L’esprit est assailli par moult interrogations sur le sens de la célébration et au statut de saint conféré à ce lieu-dit que certains n’hésitent pas à lui dénier. Restent les légendes qui sont immuablement racontées pour attester des vertus miraculeuses de ce sanctuaire à la sacralité diffuse car contestée et sujette à railleries.

Pour les tenants du dogme religieux, le rituel sacré qui s’y tient incline au sacrilège; les non-croyants et les agnostiques décèlent une sorte de trivialité dans ces effusions  ostentatoires à la gloire d’un rocher qui passe, pour ainsi dire, pour un saint d’opérette.

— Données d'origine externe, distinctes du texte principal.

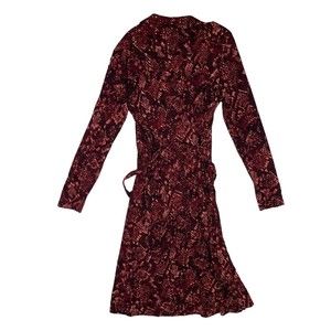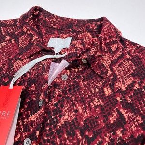 PURE Collection Dress Size 8 / 10 Red Snakeskin Button Front Empire Long Sleeve
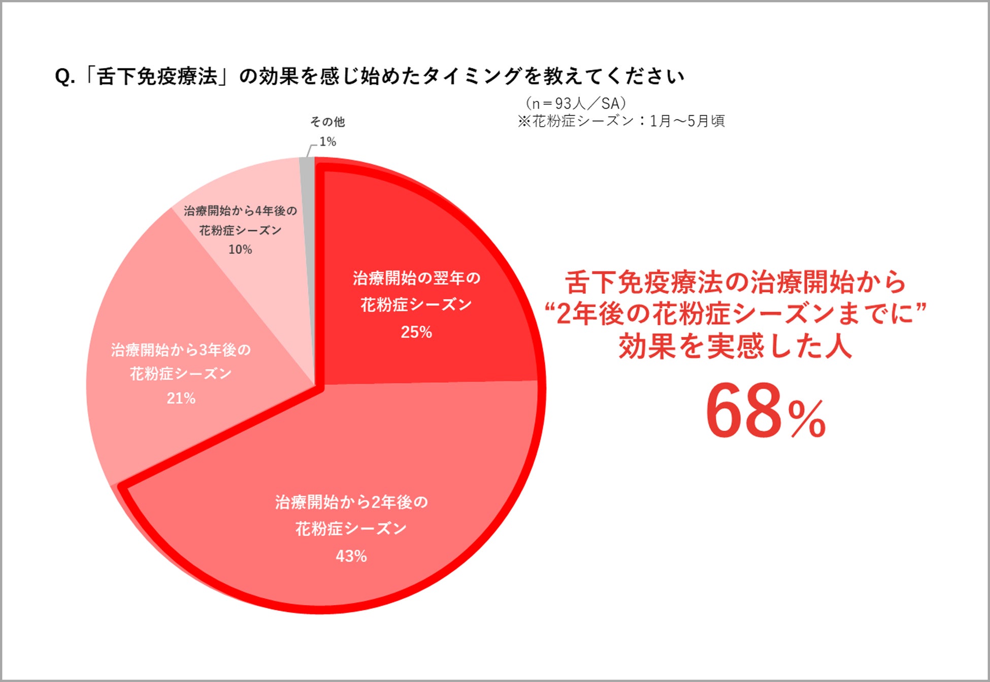 さらに「効果を感じている」と回答した93人に、効果を感じ始めたタイミングについて質問したところ、「治療開始の翌年の花粉症シーズン(25%)」「治療開始から2年後の花粉症シーズン(43%)」「3年後の花粉症シーズン(21%)」と回答。

Lieux de fusions et de mélanges étonnants et détonants, de curieux contrastes qui amalgament  spiritualité et excentricité, Azrou Nthour peut constituer, pour tout observateur des phénomènes sociaux, un champ d’étude et d’analyse des comportements collectifs.

L’espace d’une journée, le lieu devient le théâtre où se joue une dramaturgie à l’échelle de l’homme. Sur ces rochers escarpés d’aucuns n’hésitent pas à accrocher leurs espérances les plus folles, d’autres leurs phantasmes, comme ces jeunes filles et garçons qui s’adonnent sur le parcours de l’ascension vers le haut du pic, au jeu de la séduction.

Azrou N’Thour devient, pour ainsi dire, un exutoire, une regroupement pour un exorcisme collectif.

Beaucoup ne croient pas au pouvoir protecteur du saint patron local mais s’enthousiasment devant la majesté et la beauté du site et de la fête qui s’y déroule et à son pouvoir de créer de la joie et de la convivialité. Site de villégiature par excellence, Azrou N’thour peut constituer une destination touristique de montagne. Un potentiel qui reste, malheureusement, inexploité.